Case ID: ala_252/html/0445-03.html
Source: Caselaw Access Project
Author: {"author": "LAWSON, Justice.", "license": "Public Domain", "url": "https://static.case.law/"}
Date Created: 2024-08-24T03:29:51.129683

41 So.2d 405
    CRANFORD v. LAWRENCE et al.
    8 Div. 488.
    Supreme Court of Alabama.
    June 23, 1949.
    W. C. Rayburn, of Guntersville, for appellant.
    Marion F. Lusk, of Guntersville, for appellees.
   LAWSON, Justice.

This is a proceeding in the nature of unlawful detainer, under Title 31, Chapter 3, Code 1940, which deals with possession of land wrongfully withheld.

The case originated in a justice of the peace court and resulted in a judgment for the landlord. The tenant appealed to the circuit court of Marshall County where the case was tried on testimony taken ore tenus before the trial judge. In the circuit court there was a judgment for the tenant. The landlord has appealed.

Such a proceeding is purely statutory. It is well established that on the trial of such a case the burden is upon the landlord to show that the tenant is holding over and beyond his term for which the same was rented or after his right of possession has terminated or been forfeited. Garrett v. Reid, 244 Ala. 254, 13 So.2d 97; Glenn v. Nixon, 248 Ala. 569, 28 So.2d 718.

It is undisputed that the lease or renting was verbal, and the question of its existence and terms was for the trial court who, as before pointed out, tried the case without a jury.

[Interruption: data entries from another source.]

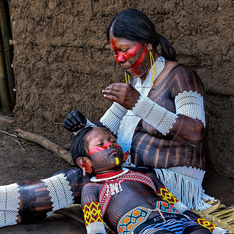Pintar es una tarea principalmente femenina. Tras el baño vespertino, todos se aplican genipapo y luego achiote para dar brillo y fragancia. También afeitan el cabello al estilo kayapó y lo ungen con aceite de babasú.
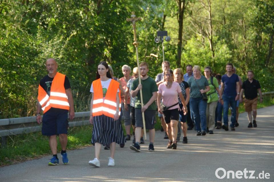 Eine kleine Gruppe an Wallfahrern machte sich am Freitagabend bei lauschigen Temperaturen von Vohenstrauß aus auf dem Weg zur Pfarrwallfahrt „Zum gegeißelten Heiland“ zur Wieskirche nach Moosbach. Es ist eine jahrhundertealte Tradition, die alljährlich aufrechterhalten wird. Zusammen mit Dekan Alexander Hösl, Pfarrvikar Ronald Liesaus und Gemeindereferentin Theresa Glaser starteten die Teilnehmer in der Stadtpfarrkirche. Mit dem kirchlichen Segen ging es mit dem Kreuzträger voran über die Stadthalle in Richtung Neuwirtshaus und von da aus hinab ins idyllisch wunderschöne Michlbachtal. Stefan Haupt stellte sich zum Tragen der schweren Last des Lautsprechers zur Verfügung. Betend zogen die Wallfahrer durch Moosbach hinaus zur Wallfahrtskirche. Dort wurden sie bereits von den Gläubigen erwartet, die im Vorfeld den Rosenkranz beteten. Den anschließenden Wallfahrergottesdienst gestaltete Hans-Josef Völkl und Talina Winter mit der Haydn-Messe und dem Moosbacher Wallfahrerlied mit.
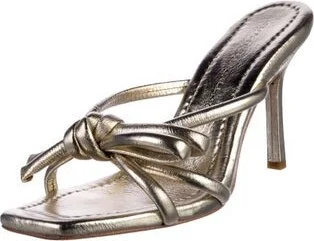 Loeffler Randall Leather Slides Gold & Metallic Bow Accents Unfortunately, due to restrictions, this item may not be eligible for shipping in all areas.
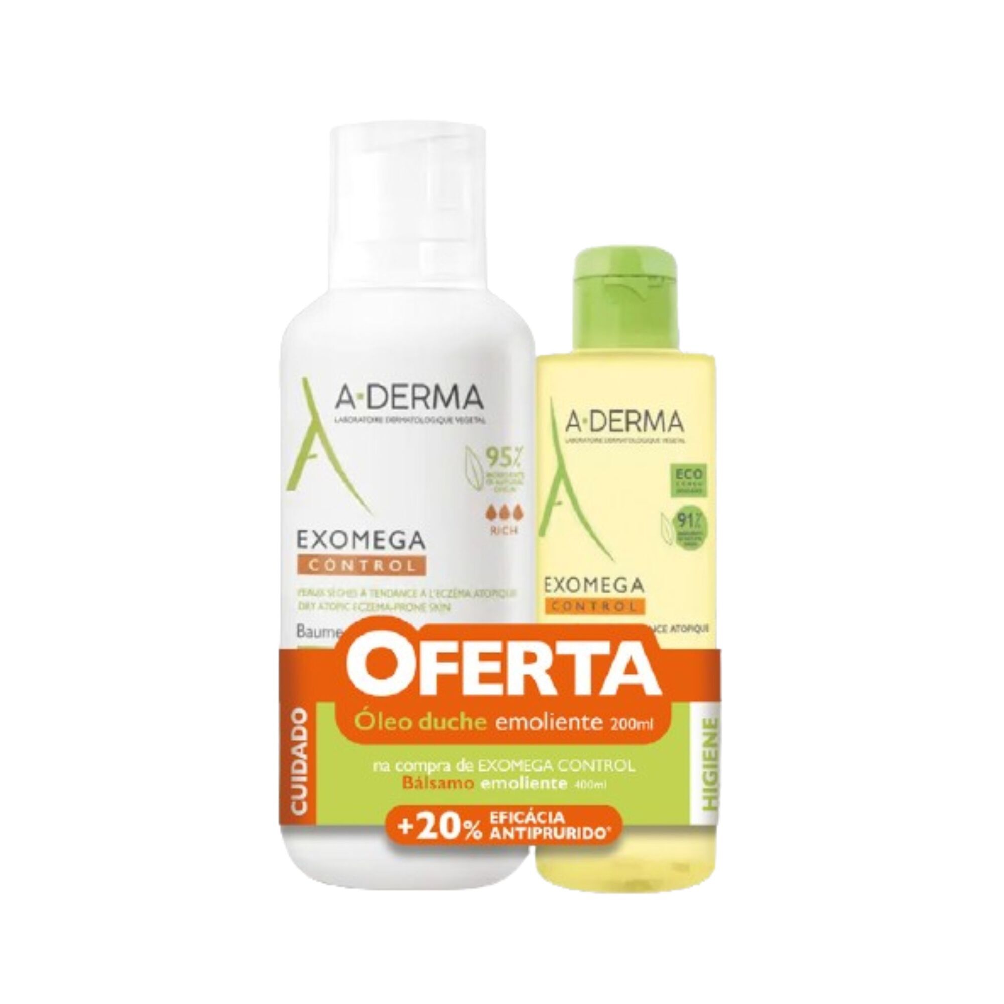 Coffret composto por: Bálsamo Emoliente Exomega Control 400 ml + Óleo de Duche Emoliente Antiprurido EXOMEGA CONTROL 200 ml.
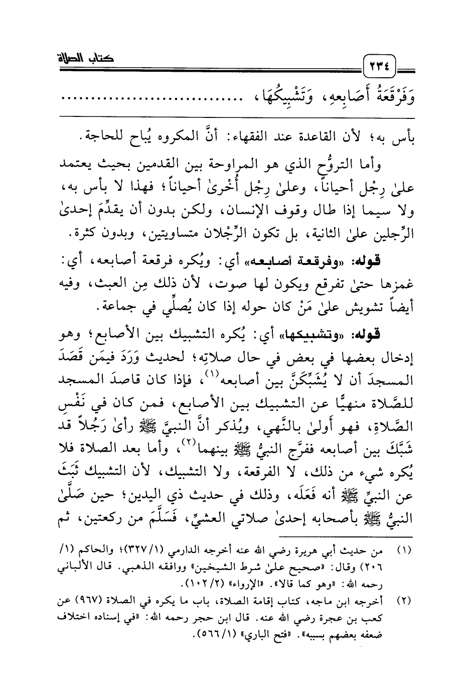 قوله: «وتشبيكها» أي: يُكره التشبيك بين الأصابع؛ وهو إدخال بعضها في بعض في حال صلاتِه؛ لحديث وَرَدَ فيمَن قَصَدَ المسجدَ أن لا يُشَبِّكَنَّ بين أصابعه (¬1)، فإذا كان قاصدَ المسجد للصَّلاة منهيًّا عن التشبيك بين الأصابع، فمن كان في نَفْسِ الصَّلاةِ، فهو أَولى بالنَّهي، ويُذكر أنَّ النبيَّ صلّى الله عليه وسلّم رأى رَجُلاً قد شَبَّكَ بين أصابعه ففرَّج النبيُّ صلّى الله عليه وسلّم بينهما (¬2)، وأما بعد الصلاة فلا يُكره شيء من ذلك، لا الفرقعة، ولا التشبيك، لأن التشبيك ثَبَثَ عن النبيِّ صلّى الله عليه وسلّم أنه فَعَلَه، وذلك في حديث ذي اليدين؛ حين صَلَّى النبيُّ صلّى الله عليه وسلّم بأصحابه إحدى صلاتي العشيِّ، فَسَلَّمَ من ركعتين، ثم

In effect the trial court found that the term of the lease under which the defendants were in possession of the property had not expired at the time these proceedings were instituted. There was ample evidence to support such a finding on the record, and under the presumption which prevails when a case is tried before the court without a jury, we are not willing to disturb that finding.

It follows that the judgment of the trial court must be affirmed.

Affirmed.

FOSTER, SIMPSON, and STAKELY, JJ., concur.